Parliamentary Committee Notes: Saskatchewan Event

Date:  March 9, 2023
Classification: Unclassified
Fully releasable (ATIP)? Yes
Branch / Agency: CPB, Public Safety


On October 6th Correctional Service Canada (CSC) and the Parole Board of Canada (PBC) announced it had convened a National Joint Board of Investigation into the horrific tragedy that occurred on the James SmithCree Nation and in Weldon, Saskatchewan, on September 4, 2022.

Proposed Response:


On September 4, 2022, a violent incident occurred in James Smith Cree Nation and the nearby village of Weldon, Saskatchewan which resulted in the stabbing deaths of 10 victims, and the injuries of many others. Police undertook operations to apprehend two individuals identified as suspects. One of the suspects was found deceased on September 5, 2022, and the other was later apprehended by law enforcement on September 7, 2022, but later died in custody. One of the suspects in this event was a federal offender on statutory release in the community. At the time of the incident, this offender’s conditional release had been suspended and he was unlawfully at large.

Law Enforcement Response

The Honourable Christine Tell, Minister of Correction, Policing and Public Safety for Saskatchewan declared an Emergency and due to the urgency of the situation issued a verbal request to the RCMP Commissioner to deploy additional RCMP resources to support ongoing law enforcement efforts.

Under the Police Service Agreements, Article 9 provides a mechanism for temporarily accessing incremental resources to assist with police duties during an emergency or an event. Under Article 9, the Minister approved urgent deployment and mobilization of RCMP members to support policing efforts in the affected area/region until the resolution of incident. Under sub-article 9.3, the Minister’s approval is required to temporarily withdraw up to ten per cent of the members of the Provincial Police Services outside of Saskatchewan. In this case, the Province of Saskatchewan will be responsible for 100 per cent of the costs related to the deployment of any additional resources. The RCMP immediately agreed and began mobilizing outside resources to the Province in order to support policing efforts.

The First Nations and Inuit Policing Program

The First Nations and Inuit Policing Program is a contribution program that provides funding to support and enable supplemental policing services to First Nation and Inuit communities across Canada in addition to Provincial/Territorial policing. A Community Tripartite Agreement includes a contingent of RCMP police officers to provide dedicated policing to a First Nation or Inuit community that is intended to supplement the level of Provincial/Territorial police services provided to that community. James Smith Cree Nation does not receive funding for supplemental policing services through the First Nations and Inuit Policing Program.

Board of Investigation

On October 6th the Correctional Service of Canada (CSC) and Parole Board of Canada (PBC) convened a National Joint Board of Investigation (BOI) into the statutory release, community supervision and PBC decisions in the case of Myles Sanderson.
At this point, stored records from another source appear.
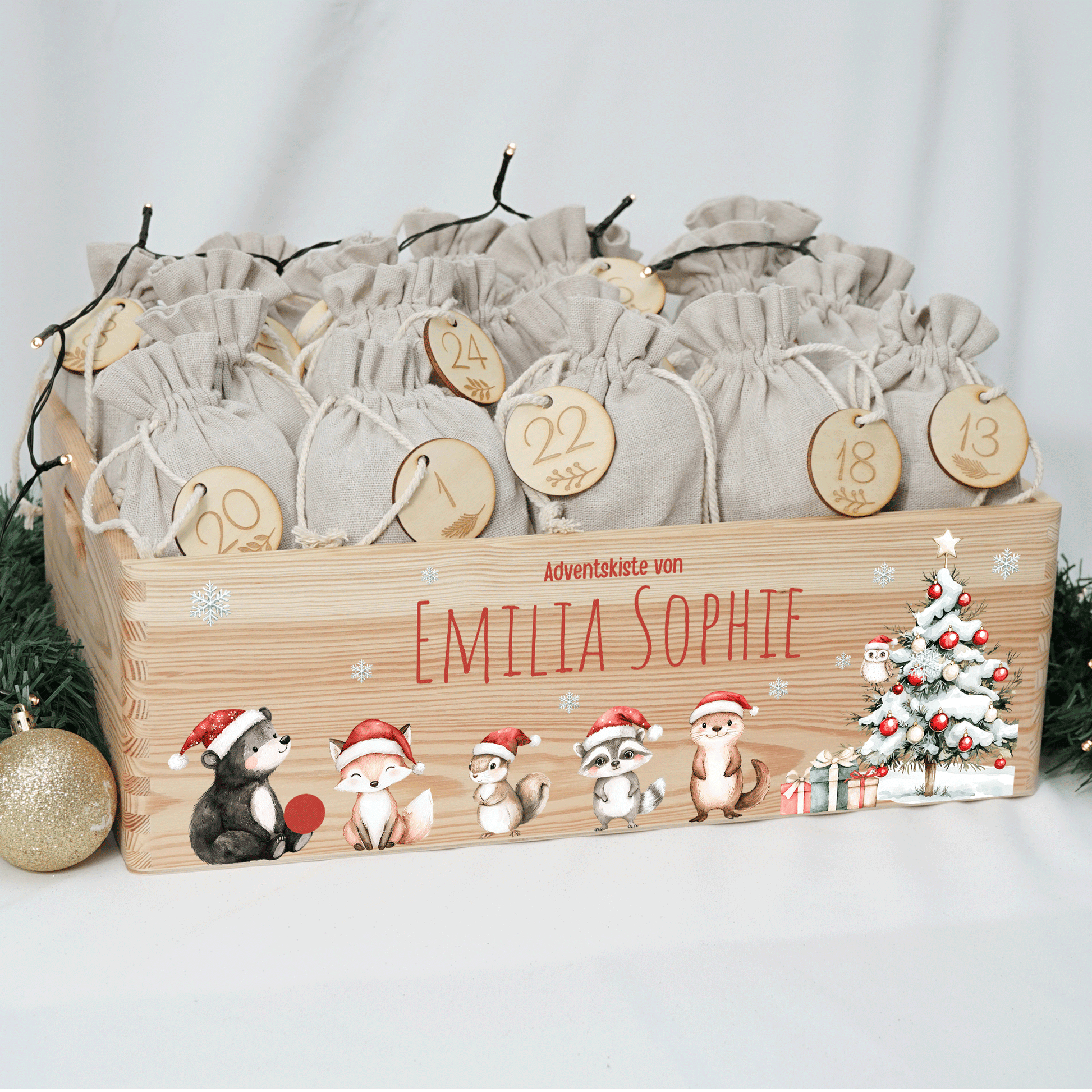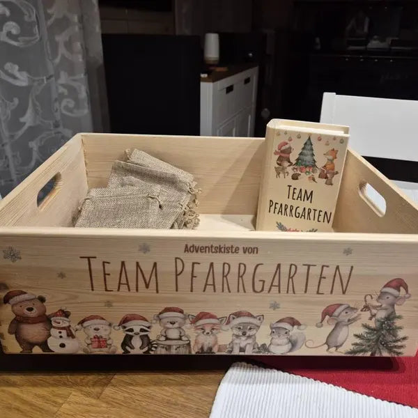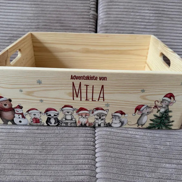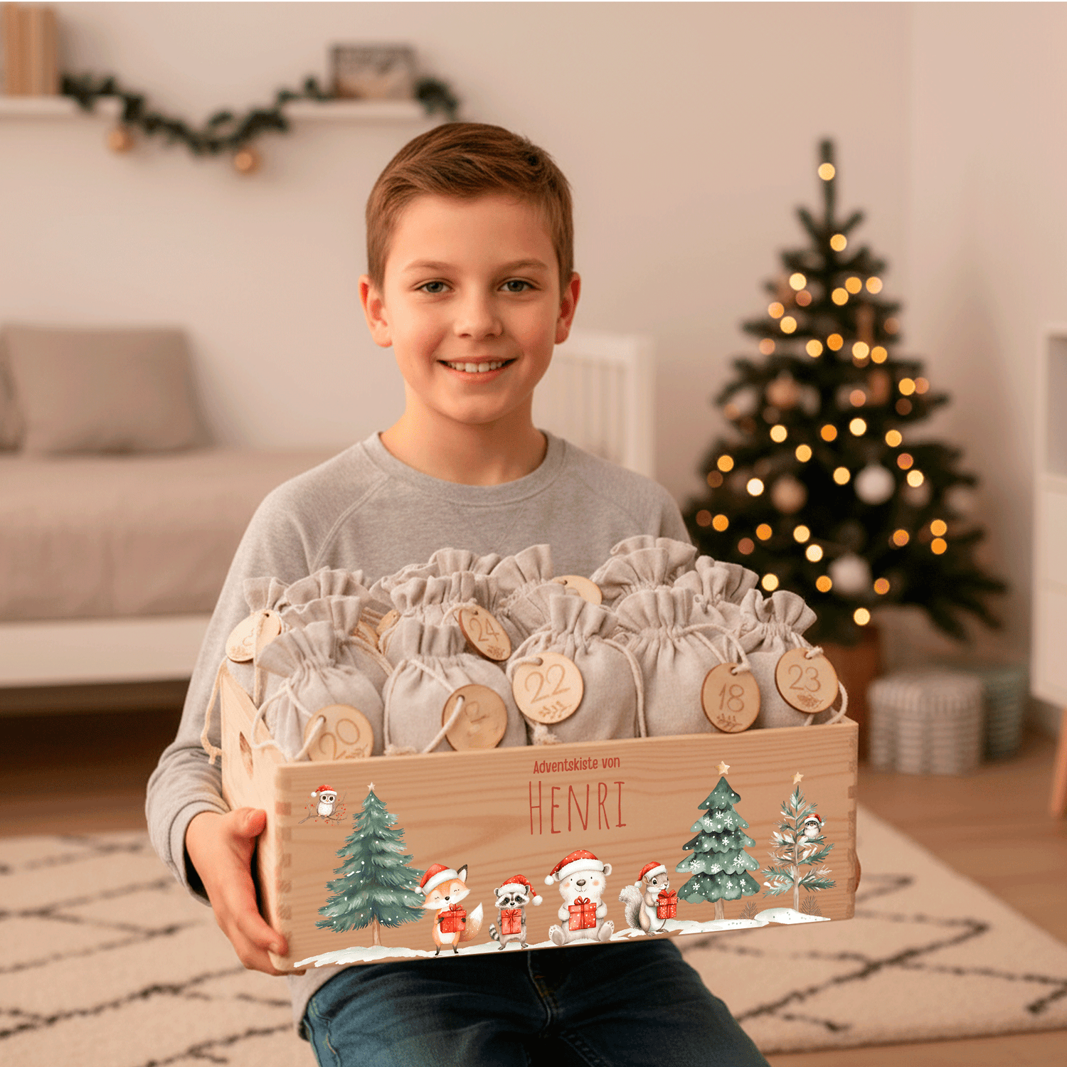 Verschenke unvergessliche Adventsmomente: Unsere hochwertige Holzkiste wird individuell mit Namen und Motiv gestaltet, ist nachhaltig wiederverwendbar und sorgt Jahr für Jahr für strahlende Kinderaugen.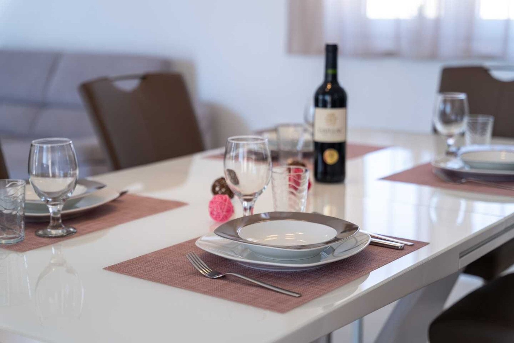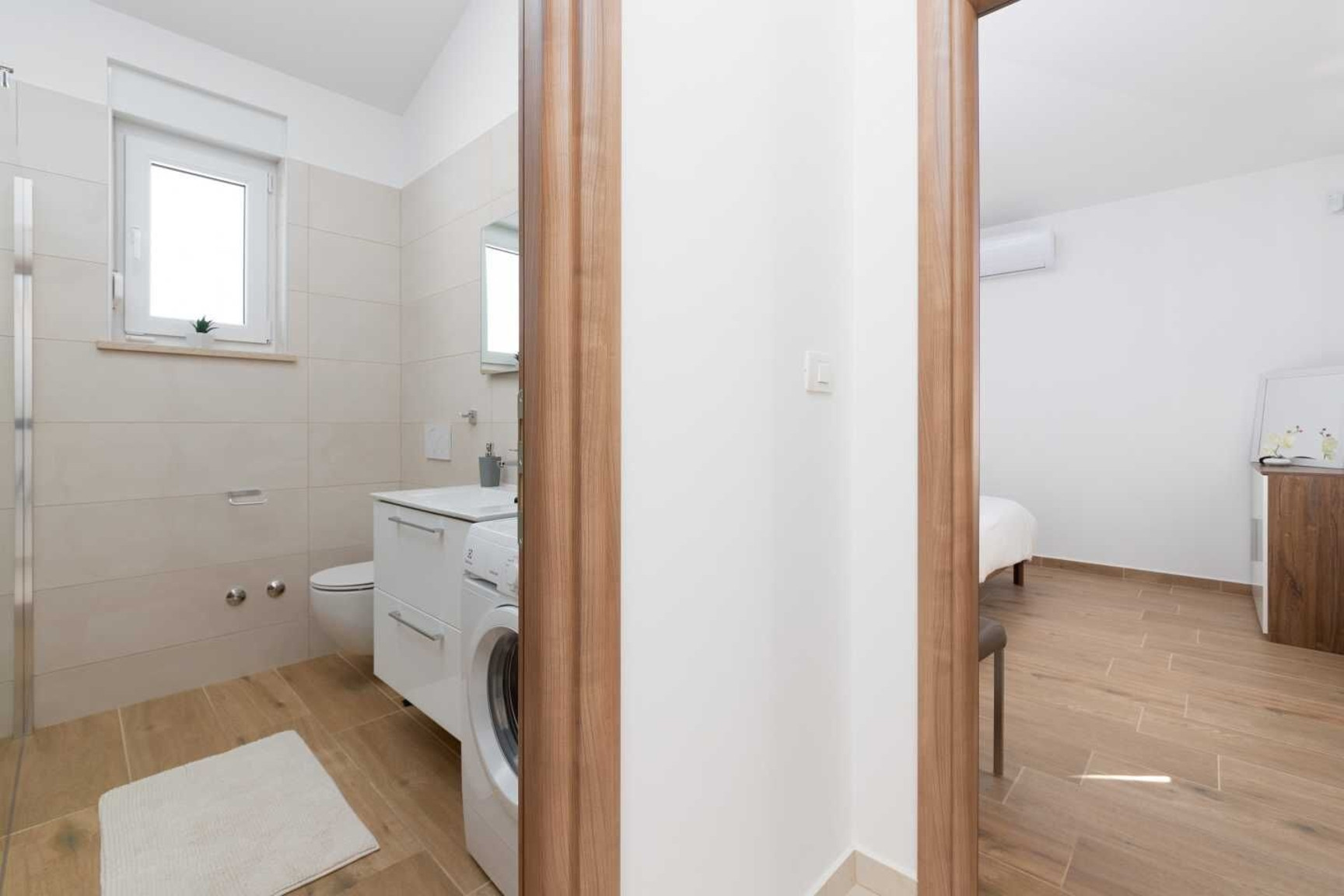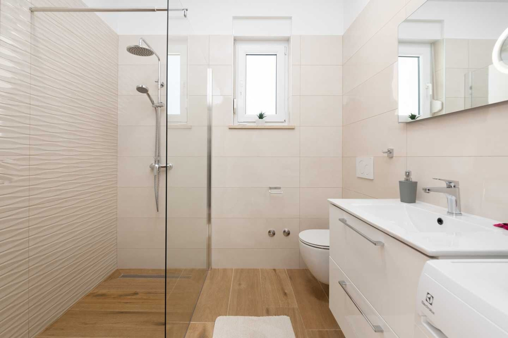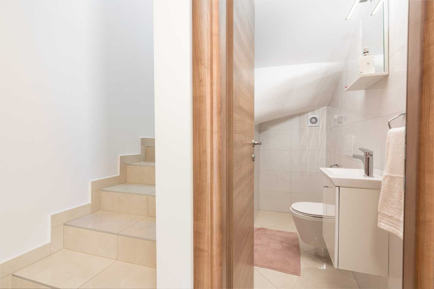 Villa Korat is a beautiful vacation home in Divšići, central Istria. It can host up to 8 people, with an extra option for a baby under 3 years old. The villa has 4 cozy bedrooms, each with a double bed, and 6 modern bathrooms for your comfort.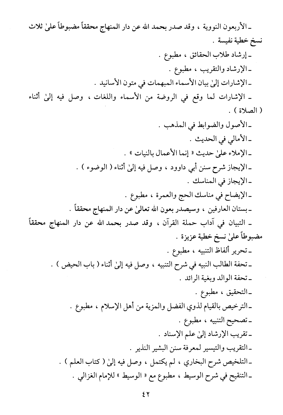 - الأربعون النووية، وقد صدر بحمد الله عن دار المنهاج محققًا مضبوطًا على ثلاث نسخ خطية نفيسة.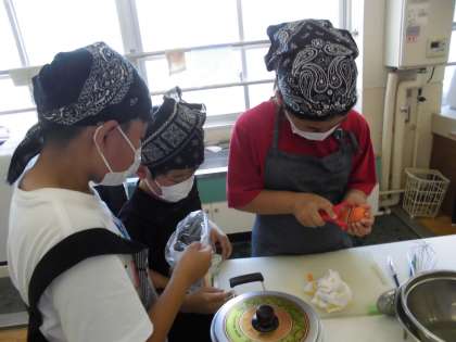家庭科の学習で,「ゆで野菜サラダ」を作りました。
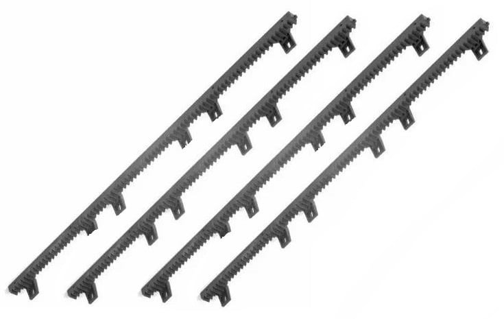 8 meter kunststof tandlat module 4 met 6 bevestigingspunten, donkergrijs .versterkt met stalen kern inwendig. extra sterk en stil. Meest verkochte set. (QU)Nieuwste nog stillere . 1.02 meter kunststof tandlat module 4 met 6 bevestigingspunten, donkergrijs .versterkt met stalen kern inwendig. extra sterk en stil.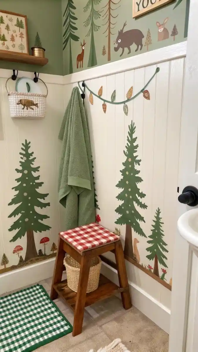 This photo screams storybook. Forest animal decals, pine trees, and gingham stools make a tiny bath feel like a winter trail. The palette stays in soft green, cream, and warm wood, which calms all the cute details. For families, this is such a fun version of green Christmas powder room decor.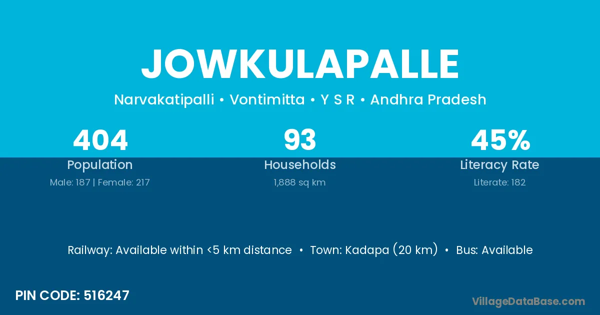 Kadapa (20 km) is the nearest town to Jowkulapalle village for major economic activities and is located approximately 20 km away.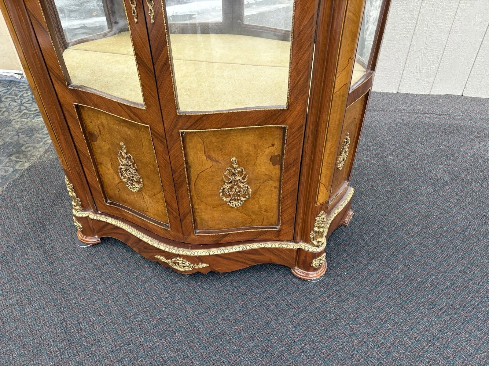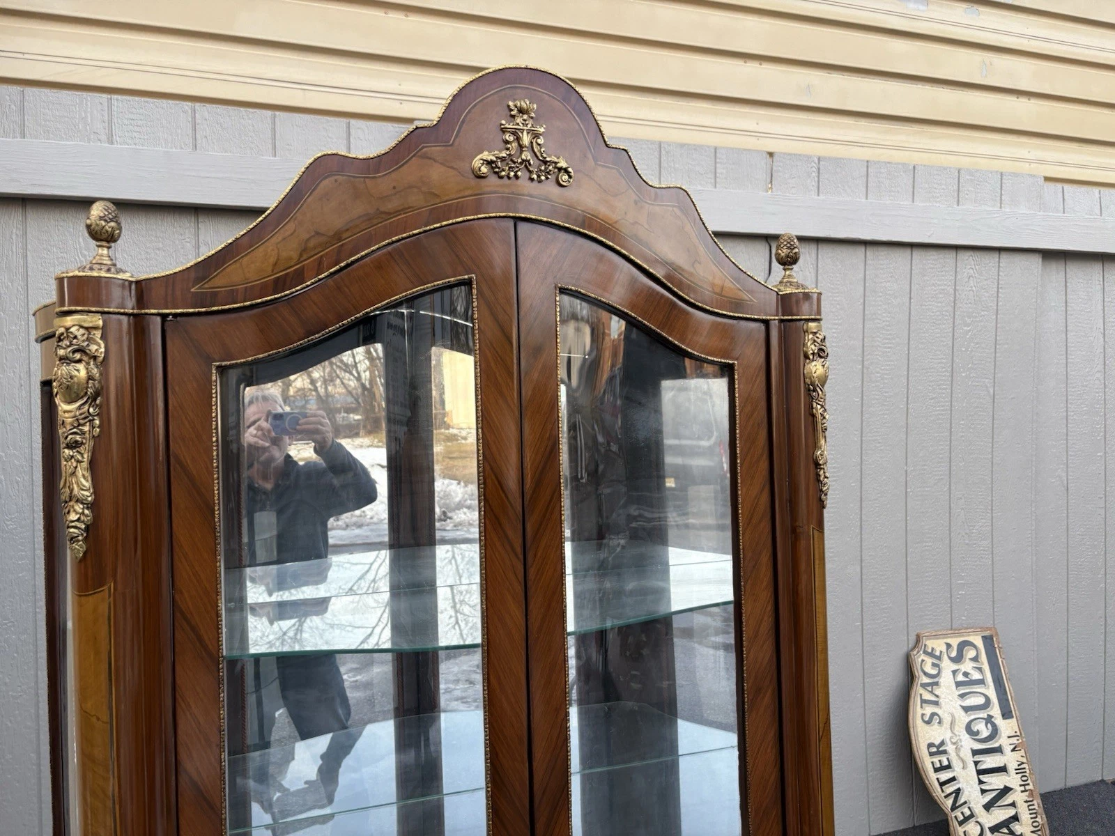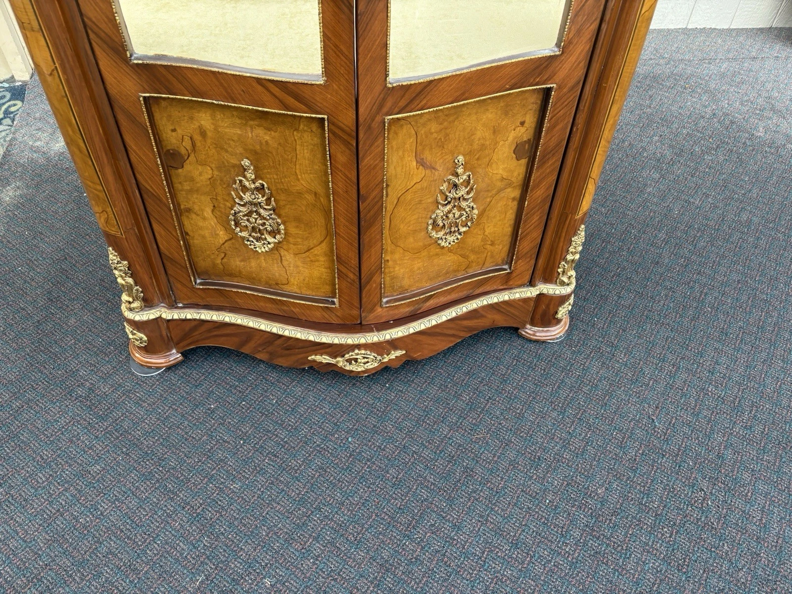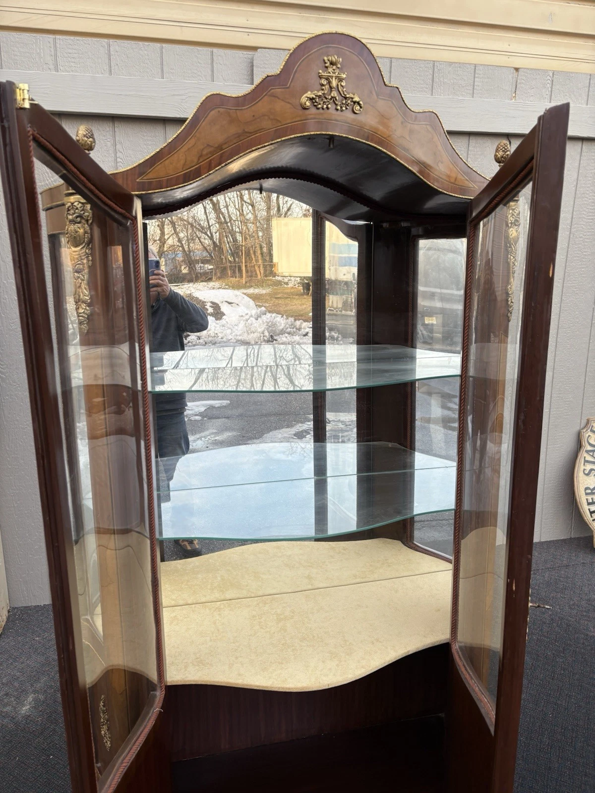 This exquisite Louis XV inlaid curio cabinet showcases the elegance of French design, featuring intricate marquetry that tells a story of craftsmanship and artistry. Adorned with delicate bronze ormalu accents, it brings a touch of vintage charm to any space. With three spacious shelves, this cabinet is not just a display piece but a conversation starter, perfect for showcasing your cherished collectibles. Its rich, multicolored finish and graceful lines make it a timeless addition to your home, reflecting the passion and dedication of handcrafted furniture.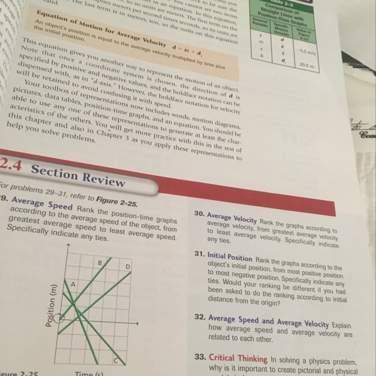 How do you rank graphs according to average velocity? I am currently stuck on problems 30 and 31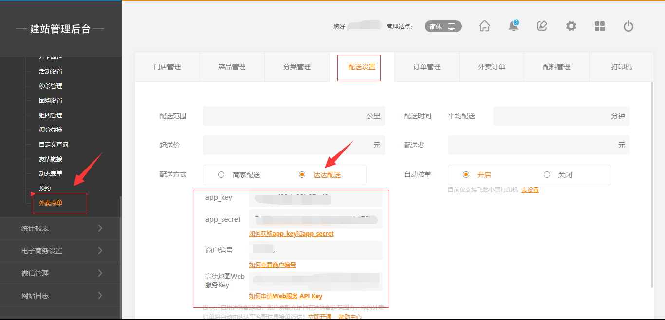 1精工建站后台,首先点击“营销活动”-“外卖点单”-“配送设置”,在配送设置中填写配送信息,配送方式有“达达配送”、“商家配送”,当选择“商家配送”时,请填写“配送范围”、“起送价”、“配送时间”、以及“配送费”填写完毕后点击保存即可;当选择“达达配送”时,需要填写相对应的信息及配送价,具体操作可以点击链接进行查看,编辑完成之后,请点击保存,如果需要自动接单,也可以开启自动接单,当前台用户付款完毕后,后台将会自动接单,如图所示: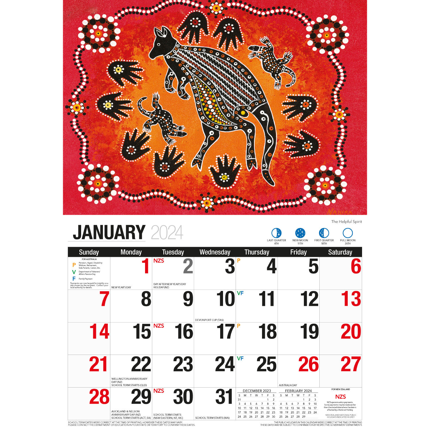 The Dreamtime - 2024 Rectangle Wall Calendar 16 Months Aboriginal Art New Year

The National Joint BOI process is guided by requirements set out in the Corrections and Conditional Release Act (CCRA). It is an administrative investigation that will thoroughly analyze all of the facts and circumstances, including whether laws, policies and protocols were followed, and identify any recommendations and corrective measures, as needed. The PBC and the CSC are committed to publicly sharing the results of the investigation, and subsequently any corrective measures that will be implemented in response to its recommendations.

Statutory Release

Pursuant to the Corrections and Conditional Release Act (CCRA), all federal offenders serving determinate sentences are entitled to statutory release from a federal penitentiary after serving two-thirds of their sentence, unless they are likely to commit a serious offence before the end of their sentence. Statutory release is mandated by subsection 127(1) of the CCRA, and is not by a decision made at the discretion of the Parole Board of Canada (PBC). Offenders serving life or indeterminate sentences are not eligible for Statutory Release.

Statutory release requires federally sentenced offenders to serve the final third of their sentence in the community, under the supervision of CSC, and with certain conditions. As a form of conditional release, its purpose is to help offenders become law-abiding citizens by providing them with intervention, assistance, programs and necessary controls to minimize their risk. All offenders on conditional release must report a federal parole officer. Should an offender breach their release conditions, or should it be deemed necessary for the protection of society, an offender’s release can by suspended and they may ultimately be returned to a federal institution.

In terms of statutory releases during fiscal year 2019-2020, 92.4% of these releases did not result in a new conviction; 6.4% of statutory release supervision periods ended with a non-violent offence; and only 1.1% ended with a violent offence.